Every day, the human body manufactures and destroys about 100 billion neutrophils- the most common type of white blood cell and one of the most highly-produced cells. Neutrophils live about eight hours, are bacteria-eaters and are a key component of the immune system. Without them, the body can be subject to life-threatening infection.
But how does the body keep the number of neutrophils produced constant in the blood, a mystery to scientists for decades? Researchers at the Cardiovascular Research Center at the University of Virginia Health System believe they have the answer.
They’ve discovered that these bacteria-killers in the blood are regulated by a sophisticated physiological process, much like the body’s blood pressure or water level. Their research is detailed in the March 23 issue of the journal Immunity.

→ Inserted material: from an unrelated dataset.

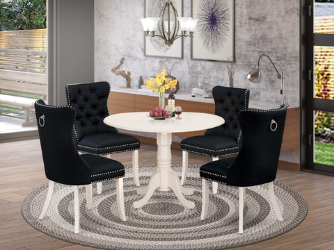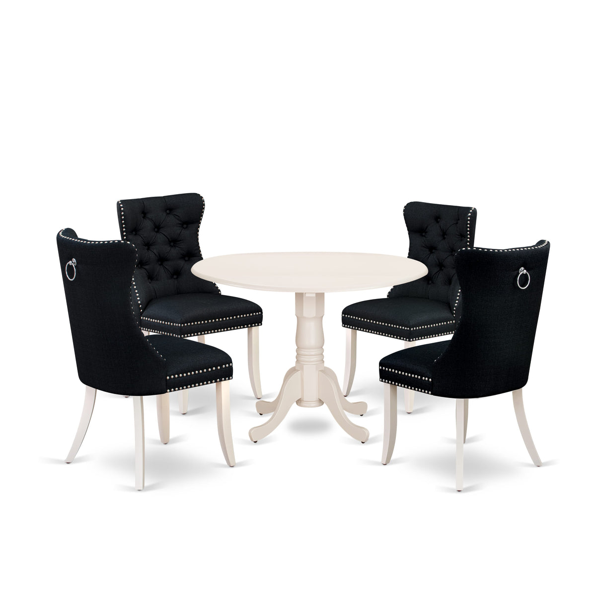 The modern 5-piece dining room set reimagines dining occasions with its exceptional design and practical features. This dining set features a stylish round tabletop with a drop leaf and a pedestal base, accompanied by 4 luxurious kitchen chairs upholstered in linen fabric. The chairs have a sophisticated Black fabric upholstery, adding a touch of elegance to The collection, complementing The table's pristine linen white. The seats are ergonomically designed to ensure you and your guests enjoy a comfortable dining experience, enhancing The overall mealtime ambiance. The breakfast table is designed for long-lasting strength, ensuring durability and sustained usefulness. The contemporary chairs are strongly constructed and covered in premium Linen fabric, enhancing both comfort and durability, promising years of satisfaction. Including Linen fabric kitchen chairs ensures that every family member and guest can enjoy Their meals in comfort. These chairs, featuring ergonomic finesse and padded seats, provide excellent lumbar support, guaranteeing a relaxed dining experience even during extended gatherings. Assembling The mid-century kitchen set is easy due to its user-centric design. The dining table setup of The dining areaIncludes comprehensive assembly instructions and all The essential hardware, enhancing The ease and convenience of The assembly process for your benefit.

Working with laboratory mice, Dr. Klaus Ley, professor of biomedical engineering at U.Va. and a U.Va. graduate student, Matthew Stark, discovered a new type of T lymphocyte, the cells that are the main means of providing the body with immune capability. This newly discovered cell, found in the lymph nodes of the gut, is called a Tn cell by Ley and Stark because it is responsible for regulating neutrophils.
“As far as we know, these primitive cells make mainly one cytokine, the protein produced primarily by white blood cells. This cytokine is IL-17,” Ley explained. “These cells are also under the control of another cytokine, IL-23. As the name suggests, these cells are responsible for regulating neutrophil numbers produced in the bone marrow. This finding will probably have significant impact not only for research, but also for clinical medicine.”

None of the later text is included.